Best guess: another 2-3% of downside to the 2080/60 zone, but then sharply rebounding, as nothing of significance has changed in the bigger picture. From there, a yearly close in the 2250/75 zone still looks viable.

Alarm bells should loudly ring on any daily close in the sp'2050s or lower, which would be decisively under multiple core aspects of support. By definition, the next support would then be the sp'1925/00 zone.

Nasdaq comp'

The Nasdaq settled -78pts (1.5%) at 5214. It is notable that the Nasdaq came within 2pts of breaking the recent historic high of 5242.Underlying MACD is set for a bearish cross next week, and that does bode bearish in the near term. Equity bulls have a comfortable 4% of downside buffer to the giant psy' level of 5K, before any real technical damage is done. Indeed, the sp'2070/60s - with Nasdaq holding around 5K, would be a very natural low, before renewed upside into year end.


The mighty Dow declined by a net -0.6%, settling at 18138. However, Thursday did see a break of the 18k threshold, with a low of 17959. Considering the past week's price action, it'd seem more probable than not, that the Dow will trade (if briefly) to the 17600/500s, before the next whipsaw back upward.

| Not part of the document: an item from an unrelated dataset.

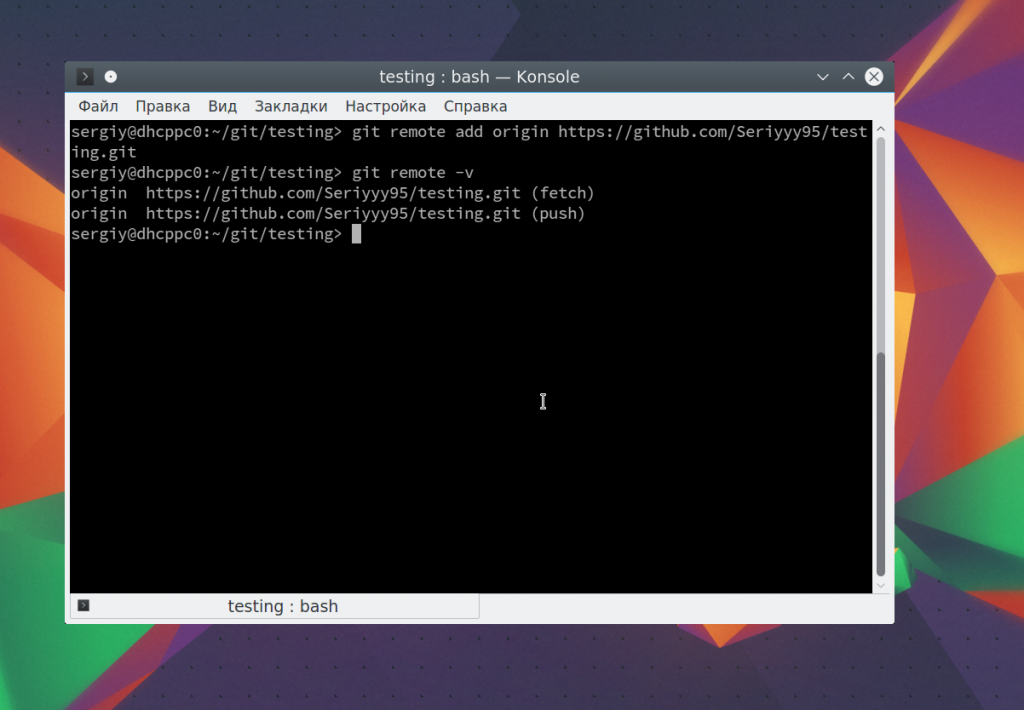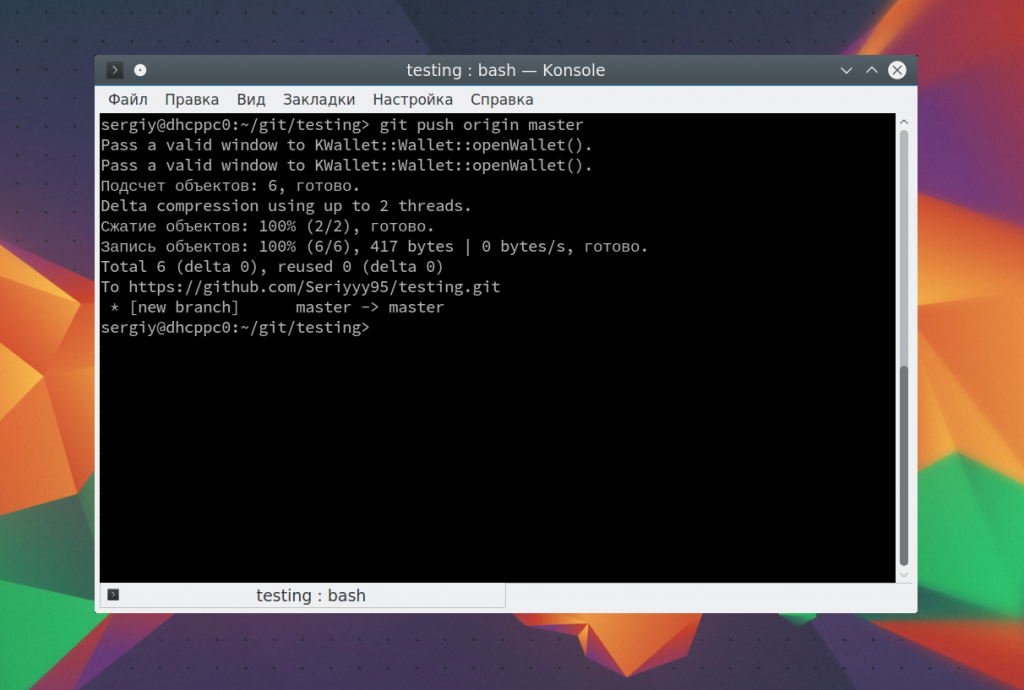 Далее, чтобы передать изменения в репозиторий на GitHub, нажимаем “Push origin”

The June/BREXIT low of 17063 looks well out of range.

NYSE comp'

The master index settled -1.0% @ 10521. There is a clear break of rising trend, and the door is wide open for a move to the lower bollinger around 10300/275. Things would turn exceptionally bearish on any price action under the giant 10k threshold.


The second market leader - R2K, saw a net decline of -1.9% @ 1212. Rising trend is borderline still intact. Underlying MACD cycle has turned negative for the first time since late February. Any price action <1200 would open up a swift 4% of downside to the lower bollinger - around 1150.


The 'old leader' - Transports, held up the best this week, lower by just -17pts (0.2%), settling at 8039. Indeed, this was the third consecutive weekly close above the psy' level of 8K. Considering WTIC oil prices holding firm around $50, the tranny is holding together very well indeed. Things only turn broadly bearish on a break of rising trend, which will be around 7500 in early November.


Rising trend that stretches back to the Jan/Feb' lows is being provisionally broken, lead lower by the Dow.

There is around 3-4% of downside buffer before the equity bears cause any critical damage to the broader upward trend.

The market's 'old leader' - Transports, is notably holding together, which is especially impressive considering continuing strength in energy prices - which is inherently bearish for transportation companies.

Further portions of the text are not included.